(ACTIVITY)
Copy exactly the lines of the data below that run from the line holding "歷史科是次以「大澳文物保育」" through the line holding "Zakopywanie kapsuły czasu", both ends included.

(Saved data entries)

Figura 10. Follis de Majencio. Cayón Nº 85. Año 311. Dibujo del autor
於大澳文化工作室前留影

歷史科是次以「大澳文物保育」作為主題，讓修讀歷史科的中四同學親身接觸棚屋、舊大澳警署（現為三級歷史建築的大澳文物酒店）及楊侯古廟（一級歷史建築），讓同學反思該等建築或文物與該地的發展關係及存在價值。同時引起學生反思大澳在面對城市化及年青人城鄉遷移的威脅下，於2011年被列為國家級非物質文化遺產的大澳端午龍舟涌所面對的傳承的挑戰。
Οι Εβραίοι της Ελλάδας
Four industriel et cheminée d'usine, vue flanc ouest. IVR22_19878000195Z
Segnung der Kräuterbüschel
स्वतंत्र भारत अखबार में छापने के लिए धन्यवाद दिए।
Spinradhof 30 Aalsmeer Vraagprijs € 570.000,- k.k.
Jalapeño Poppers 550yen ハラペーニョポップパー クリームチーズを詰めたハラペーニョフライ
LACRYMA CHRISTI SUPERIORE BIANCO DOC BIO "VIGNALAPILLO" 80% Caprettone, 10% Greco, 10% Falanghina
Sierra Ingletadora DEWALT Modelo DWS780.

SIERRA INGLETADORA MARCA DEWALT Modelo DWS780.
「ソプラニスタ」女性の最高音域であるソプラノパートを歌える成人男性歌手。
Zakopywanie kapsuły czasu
---
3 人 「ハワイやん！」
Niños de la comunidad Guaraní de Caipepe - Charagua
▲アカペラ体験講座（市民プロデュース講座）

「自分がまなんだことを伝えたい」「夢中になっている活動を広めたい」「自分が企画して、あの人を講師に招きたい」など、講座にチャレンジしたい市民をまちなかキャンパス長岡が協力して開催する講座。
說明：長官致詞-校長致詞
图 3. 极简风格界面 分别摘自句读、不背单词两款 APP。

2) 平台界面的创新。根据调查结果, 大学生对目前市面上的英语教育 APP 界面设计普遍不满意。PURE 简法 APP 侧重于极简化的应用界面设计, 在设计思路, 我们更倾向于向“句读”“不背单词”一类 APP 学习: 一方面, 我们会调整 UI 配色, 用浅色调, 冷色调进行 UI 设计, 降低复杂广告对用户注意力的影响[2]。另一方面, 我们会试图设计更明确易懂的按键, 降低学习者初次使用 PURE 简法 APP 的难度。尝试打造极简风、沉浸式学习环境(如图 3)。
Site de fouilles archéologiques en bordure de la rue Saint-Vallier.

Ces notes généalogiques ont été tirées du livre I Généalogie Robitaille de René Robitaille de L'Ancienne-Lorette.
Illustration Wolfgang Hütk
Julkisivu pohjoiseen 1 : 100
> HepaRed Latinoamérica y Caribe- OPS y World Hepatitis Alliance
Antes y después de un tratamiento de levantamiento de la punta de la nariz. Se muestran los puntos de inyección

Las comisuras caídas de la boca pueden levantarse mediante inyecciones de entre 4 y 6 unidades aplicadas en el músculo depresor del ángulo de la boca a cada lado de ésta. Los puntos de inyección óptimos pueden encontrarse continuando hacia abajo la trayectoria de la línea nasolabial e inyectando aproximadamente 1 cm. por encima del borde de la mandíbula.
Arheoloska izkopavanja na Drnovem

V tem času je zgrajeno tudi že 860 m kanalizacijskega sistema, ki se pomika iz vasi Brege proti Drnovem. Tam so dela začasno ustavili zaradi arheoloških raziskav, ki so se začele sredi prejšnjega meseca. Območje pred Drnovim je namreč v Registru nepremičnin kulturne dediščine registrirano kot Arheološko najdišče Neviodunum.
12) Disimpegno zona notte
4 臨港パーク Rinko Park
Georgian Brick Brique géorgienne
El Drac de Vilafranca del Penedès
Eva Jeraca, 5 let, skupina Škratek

(ANSWER TO THE PROBLEM)
歷史科是次以「大澳文物保育」作為主題，讓修讀歷史科的中四同學親身接觸棚屋、舊大澳警署（現為三級歷史建築的大澳文物酒店）及楊侯古廟（一級歷史建築），讓同學反思該等建築或文物與該地的發展關係及存在價值。同時引起學生反思大澳在面對城市化及年青人城鄉遷移的威脅下，於2011年被列為國家級非物質文化遺產的大澳端午龍舟涌所面對的傳承的挑戰。
Οι Εβραίοι της Ελλάδας
Four industriel et cheminée d'usine, vue flanc ouest. IVR22_19878000195Z
Segnung der Kräuterbüschel
स्वतंत्र भारत अखबार में छापने के लिए धन्यवाद दिए।
Spinradhof 30 Aalsmeer Vraagprijs € 570.000,- k.k.
Jalapeño Poppers 550yen ハラペーニョポップパー クリームチーズを詰めたハラペーニョフライ
LACRYMA CHRISTI SUPERIORE BIANCO DOC BIO "VIGNALAPILLO" 80% Caprettone, 10% Greco, 10% Falanghina
Sierra Ingletadora DEWALT Modelo DWS780.

SIERRA INGLETADORA MARCA DEWALT Modelo DWS780.
「ソプラニスタ」女性の最高音域であるソプラノパートを歌える成人男性歌手。
Zakopywanie kapsuły czasu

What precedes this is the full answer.